Build and Deploy an Offline AI Application for Edge Environments

Many production scenarios require AI to run without any internet connection: factory floors, medical devices, remote field equipment, and classified environments. This guide walks through the complete workflow of selecting a model that fits your hardware, downloading it ahead of time, configuring the inference backend for your device, and packaging everything into a self-contained .NET deployment that runs fully offline.

Why Offline AI Deployment Matters

Two enterprise problems that offline edge AI solves:

Data sovereignty and air-gapped compliance. Defense contractors, healthcare organizations, and financial institutions operate networks that are physically disconnected from the internet. Sending patient records or classified documents to a cloud API is not an option. A local LLM embedded in the application keeps all data on-premises, simplifying compliance with ITAR, HIPAA, and SOC 2.
Field operations with no connectivity. Offshore oil rigs, disaster relief teams, and agricultural inspectors work in environments where internet access is unreliable or nonexistent. An AI assistant that requires an API call for every prompt is unusable. An offline model on a ruggedized laptop works anywhere.

Prerequisites

Requirement	Minimum
.NET SDK	8.0+
VRAM	Varies by model (see Step 2)
Disk	1 to 15 GB depending on model size

Step 1: Create the Project

dotnet new console -n OfflineAiApp
cd OfflineAiApp
dotnet add package LM-Kit.NET

Step 2: Choose a Model That Fits Your Hardware

The model catalog contains predefined models with metadata about size, quantization level, capabilities, and context length. Use this metadata to pick a model that fits your target device.

using LMKit.Model;

// List all predefined models with their memory requirements
var models = ModelCard.GetPredefinedModelCards();

Console.WriteLine($"{"Model ID",-30} {"Size (MB)",10} {"Quant",8} {"Ctx",6} {"Capabilities"}");
Console.WriteLine(new string('-', 90));

foreach (var card in models)
{
    // Skip embedding and speech models for this example
    if (!card.Capabilities.HasFlag(ModelCapabilities.Chat))
        continue;

    double sizeMB = card.FileSize / (1024.0 * 1024.0);
    Console.WriteLine(
        $"{card.ModelID,-30} {sizeMB,10:F0} {card.QuantizationPrecision,8:F1} {card.ContextLength,6} {card.Capabilities}");
}

A practical rule of thumb: the model file size is roughly the minimum VRAM needed for inference. A 2 GB model needs approximately 2 GB of VRAM (plus overhead for the KV-cache and context).

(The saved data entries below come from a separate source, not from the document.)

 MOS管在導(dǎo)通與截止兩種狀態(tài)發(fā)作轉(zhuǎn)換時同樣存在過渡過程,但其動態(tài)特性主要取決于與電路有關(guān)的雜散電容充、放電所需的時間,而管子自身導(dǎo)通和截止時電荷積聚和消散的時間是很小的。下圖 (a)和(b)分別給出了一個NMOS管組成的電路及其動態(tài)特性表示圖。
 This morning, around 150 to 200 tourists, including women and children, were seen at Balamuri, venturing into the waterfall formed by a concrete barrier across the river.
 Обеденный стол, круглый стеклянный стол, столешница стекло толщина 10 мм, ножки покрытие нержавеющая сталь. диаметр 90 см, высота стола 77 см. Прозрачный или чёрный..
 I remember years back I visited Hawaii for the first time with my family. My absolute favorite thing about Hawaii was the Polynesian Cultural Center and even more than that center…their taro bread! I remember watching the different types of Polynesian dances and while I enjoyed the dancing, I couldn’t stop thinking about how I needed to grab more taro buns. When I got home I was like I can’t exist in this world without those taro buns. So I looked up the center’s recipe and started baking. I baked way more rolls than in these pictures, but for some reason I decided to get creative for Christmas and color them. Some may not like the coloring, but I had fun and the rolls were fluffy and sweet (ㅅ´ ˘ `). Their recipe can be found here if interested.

Target Device	VRAM Budget	Recommended Models
Low-end laptop (no GPU)	CPU only	`gemma3:1b`, `qwen3:0.6b`, `phi4-mini:3.8b`
Mid-range laptop (4 GB GPU)	~4 GB	`gemma3:4b`, `qwen3:4b`
Workstation (8+ GB GPU)	8+ GB	`qwen3:8b`, `gemma3:12b`, `llama3.1:8b`
Server (16+ GB GPU)	16+ GB	`qwen3:14b`, `phi4:14.7b`, `gemma3:27b`

For edge AI scenarios, prefer smaller models with higher quantization. A gemma3:4b model at Q4_K_M quantization provides excellent quality-to-size ratio for most tasks.

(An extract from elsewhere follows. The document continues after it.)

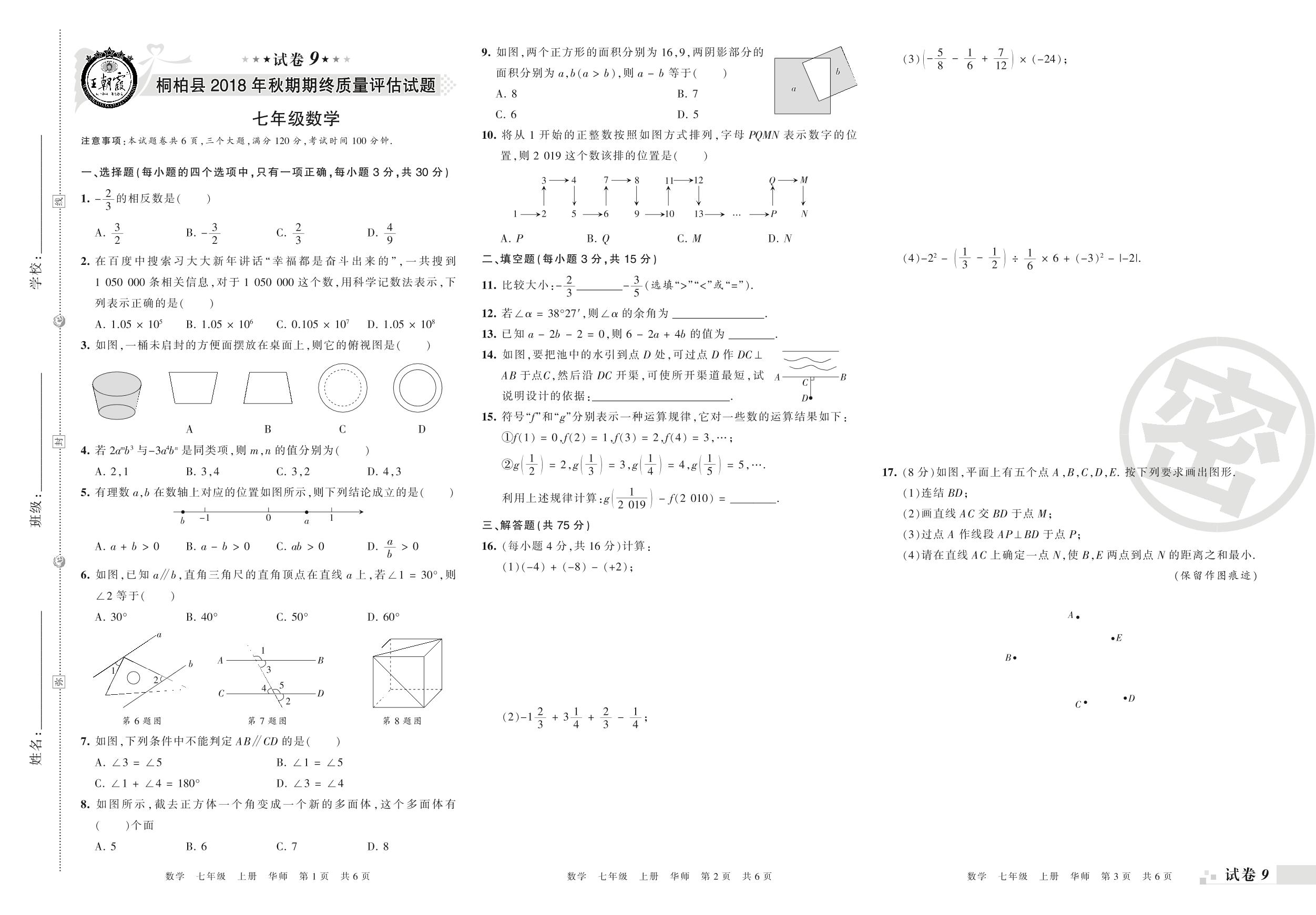 2018-2019学年第一学期南阳市桐柏县七年级数学试卷(华师版)【9】

Step 3: Download Models for Offline Packaging

Before deploying to an air-gapped device, download models to a local folder on a connected machine.

using System.Text;
using LMKit.Model;

Console.OutputEncoding = Encoding.UTF8;

// Choose your target model
var card = ModelCard.GetPredefinedModelCardByModelID("gemma3:4b");

double sizeMB = card.FileSize / (1024.0 * 1024.0);
Console.WriteLine($"Model:    {card.ModelID}");
Console.WriteLine($"Size:     {sizeMB:F0} MB");
Console.WriteLine($"Context:  {card.ContextLength} tokens");

// Download to a specific folder for offline packaging
string offlineModelPath = Path.Combine(AppContext.BaseDirectory, "models");
Directory.CreateDirectory(offlineModelPath);

Console.WriteLine($"\nDownloading to {offlineModelPath}...");

card.Download(downloadingProgress: (path, contentLength, bytesRead) =>
{
    if (contentLength.HasValue && contentLength.Value > 0)
    {
        double percent = (double)bytesRead / contentLength.Value * 100;
        Console.Write($"\r  {percent:F1}% ({bytesRead / (1024 * 1024)} / {contentLength.Value / (1024 * 1024)} MB)");
    }
    return true; // return false to cancel
});

Console.WriteLine("\nDownload complete.");

// Verify the file is ready for offline use
if (card.IsLocallyAvailable)
{
    Console.WriteLine($"Model verified at: {card.LocalPath}");
}

Tip: After downloading, copy the entire models/ folder to your air-gapped device. The model file is self-contained and requires no additional downloads at runtime.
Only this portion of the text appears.